- [Raw data]

#####

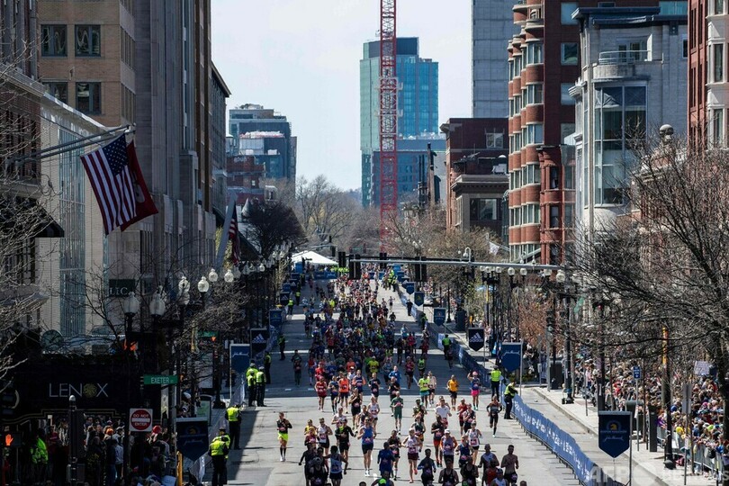 ボストン・マラソンは今年から再び伝統の4月の第3月曜日に開催。新型コロナウイルスの影響により2020年は中止、昨年は10月開催になっていた。今年は定員の3万人が参加し、エントリーには新型コロナウイルスワクチンの接種証明が義務付けられた。(c)AFP
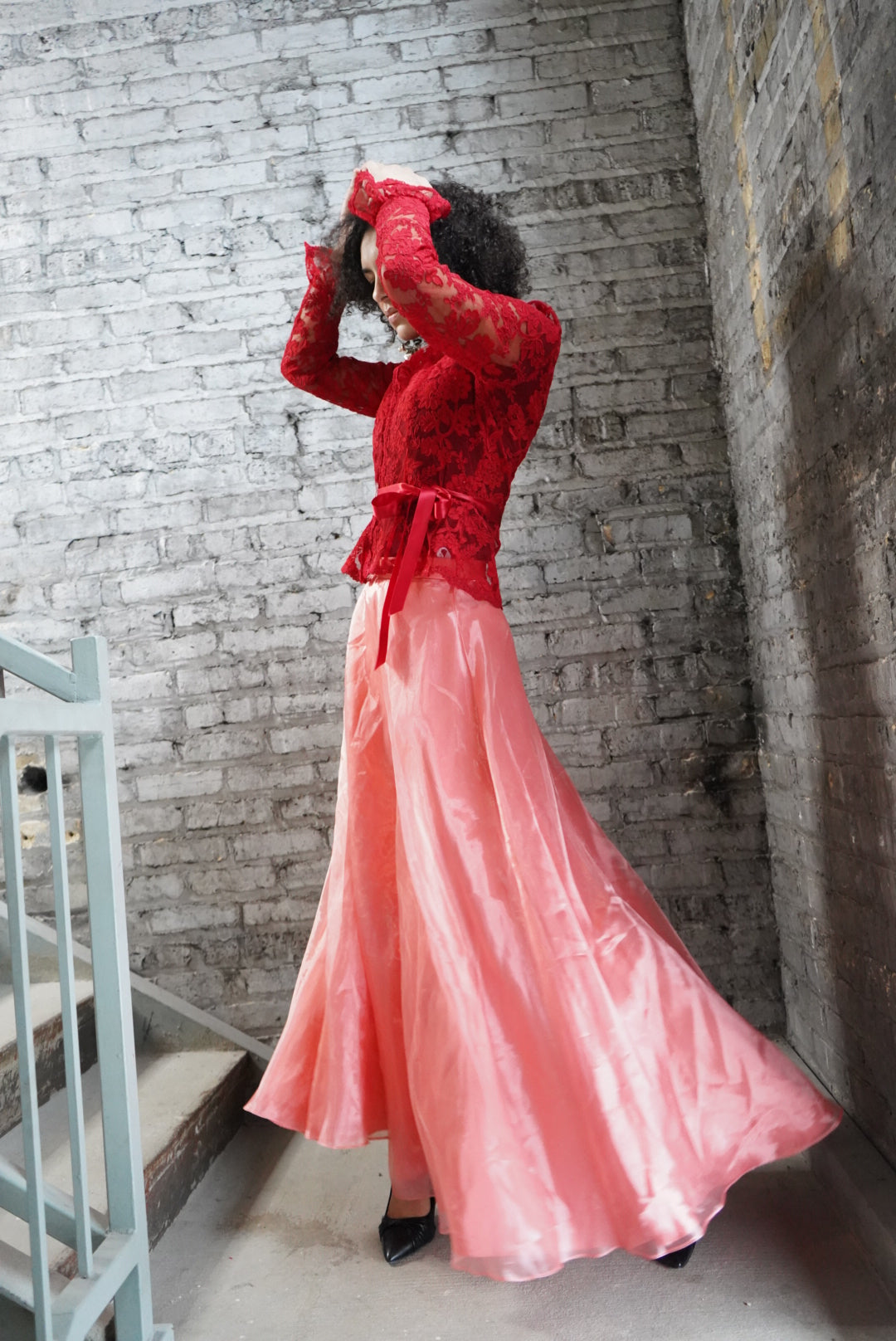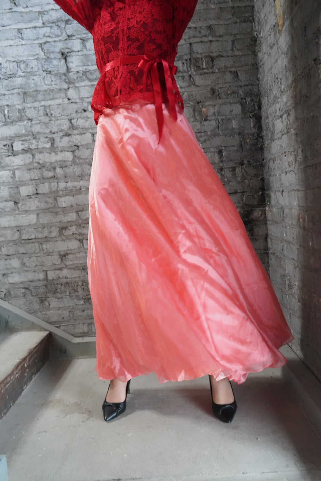 1990s Roberta Organza Peach Crinkle Circle Skirt
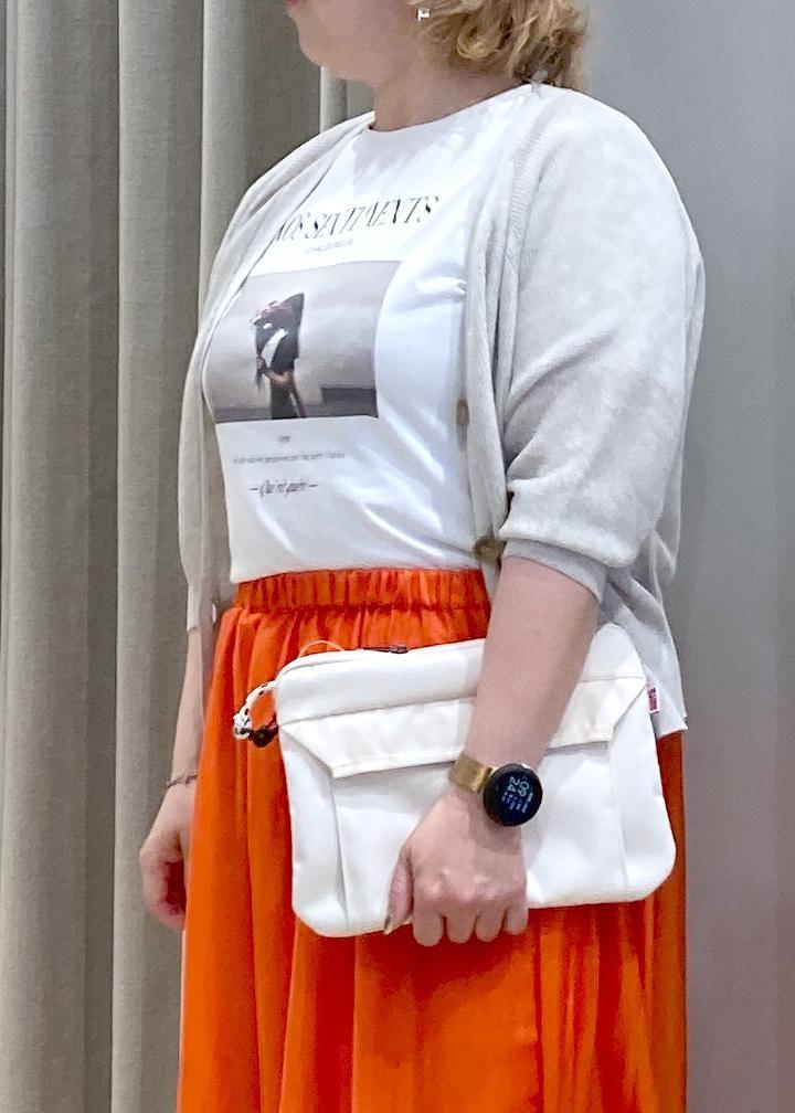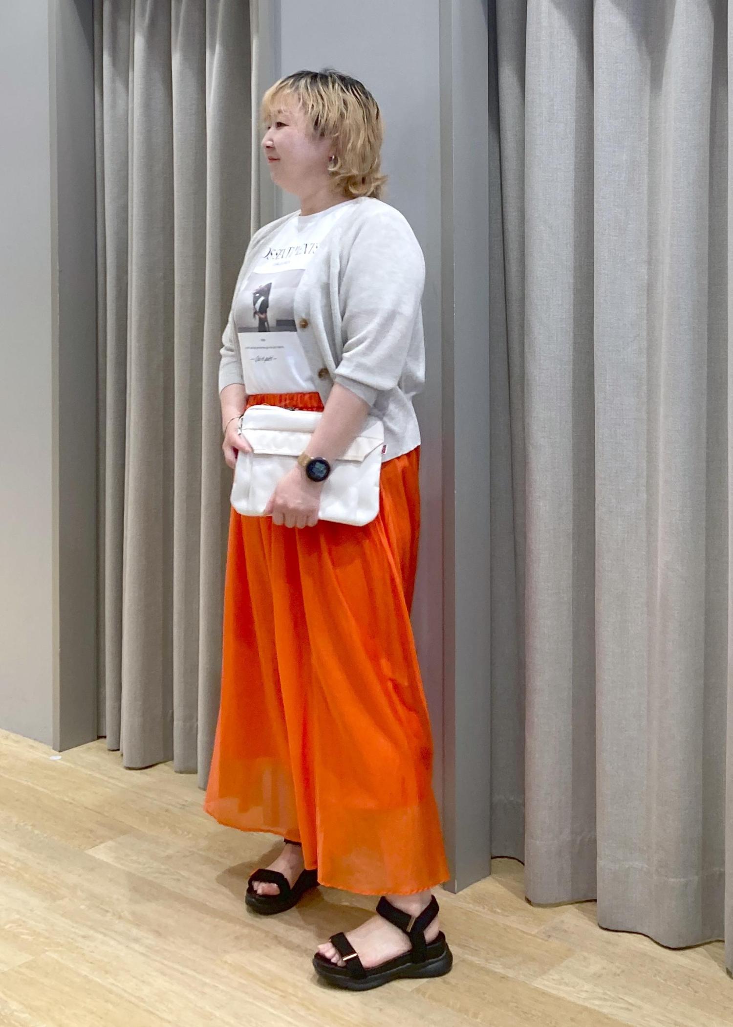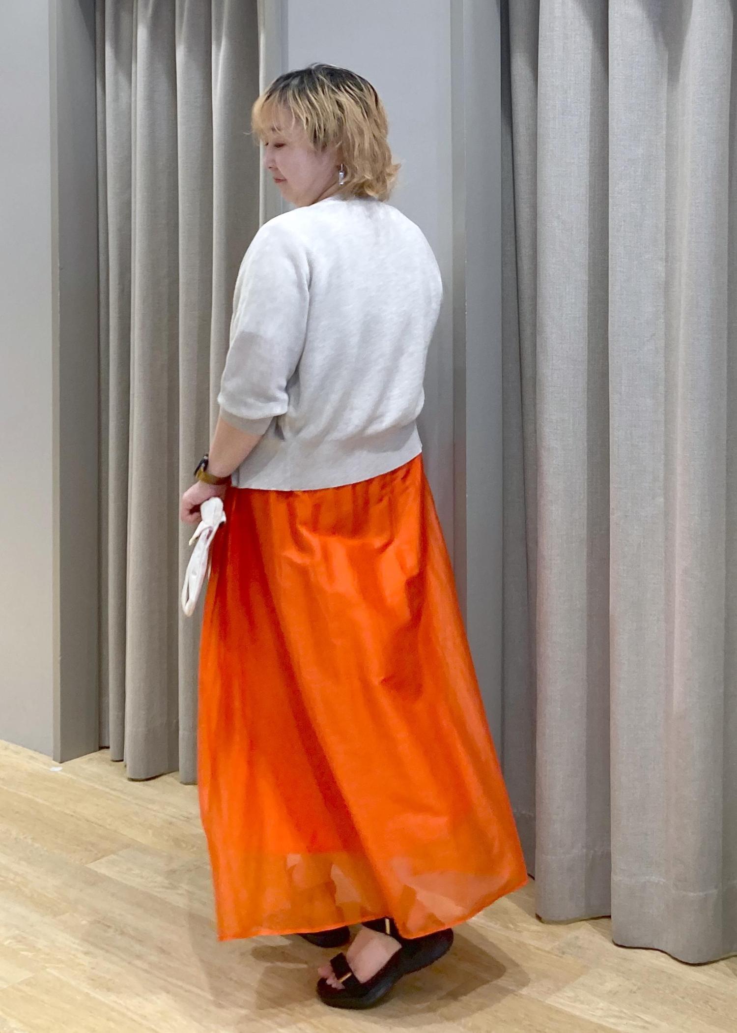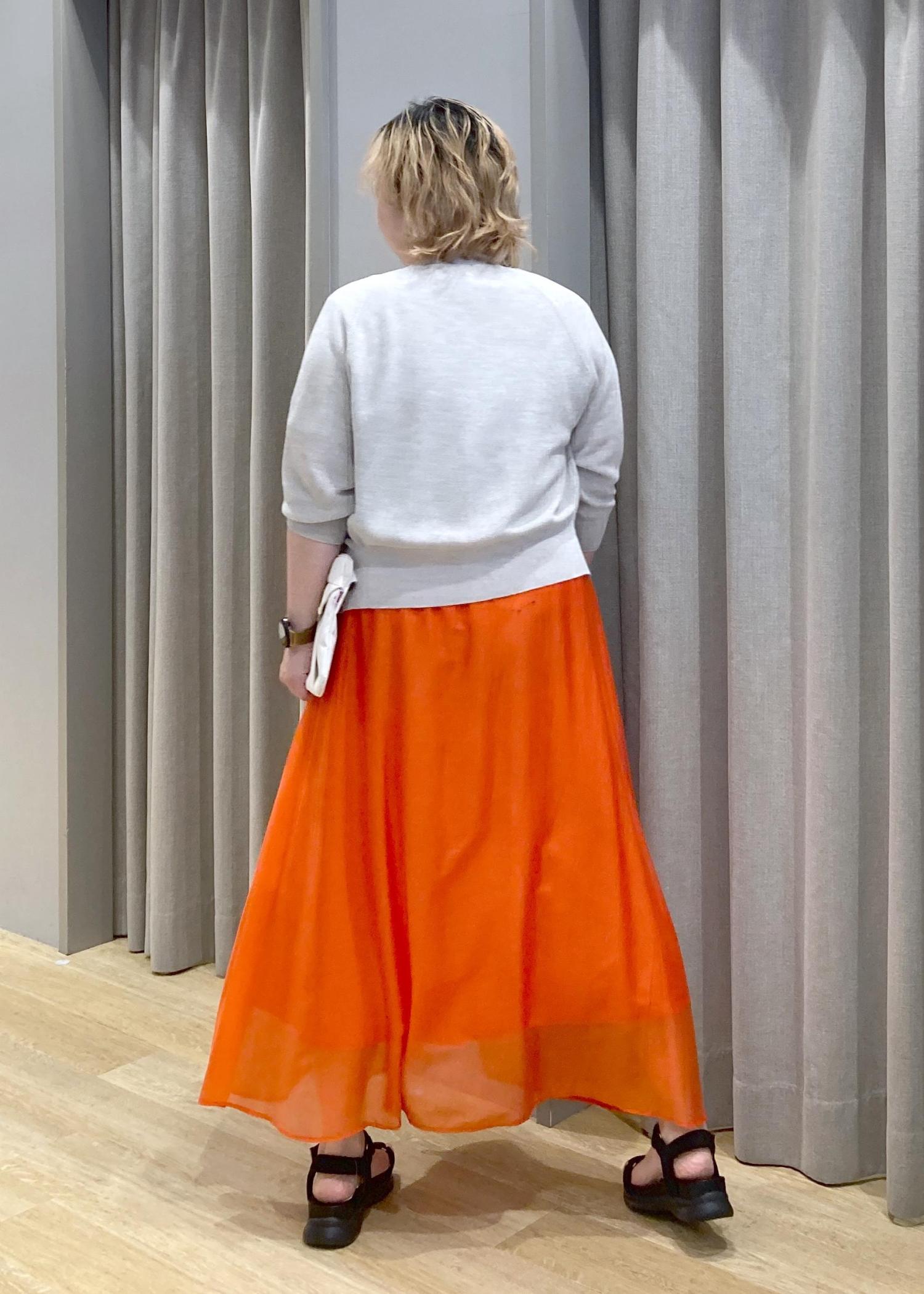 そこに鮮やかなオレンジスカートを合わせれば、即・こなれ感アップ!

#####

- [Task prompt]
Starting at the line that contains "1990s Roberta Organza" and ending at the final line of the data, reproduce each line exactly. Pictures stay out of the copy.

- [Exercise result]
 1990s Roberta Organza Peach Crinkle Circle Skirt
 そこに鮮やかなオレンジスカートを合わせれば、即・こなれ感アップ!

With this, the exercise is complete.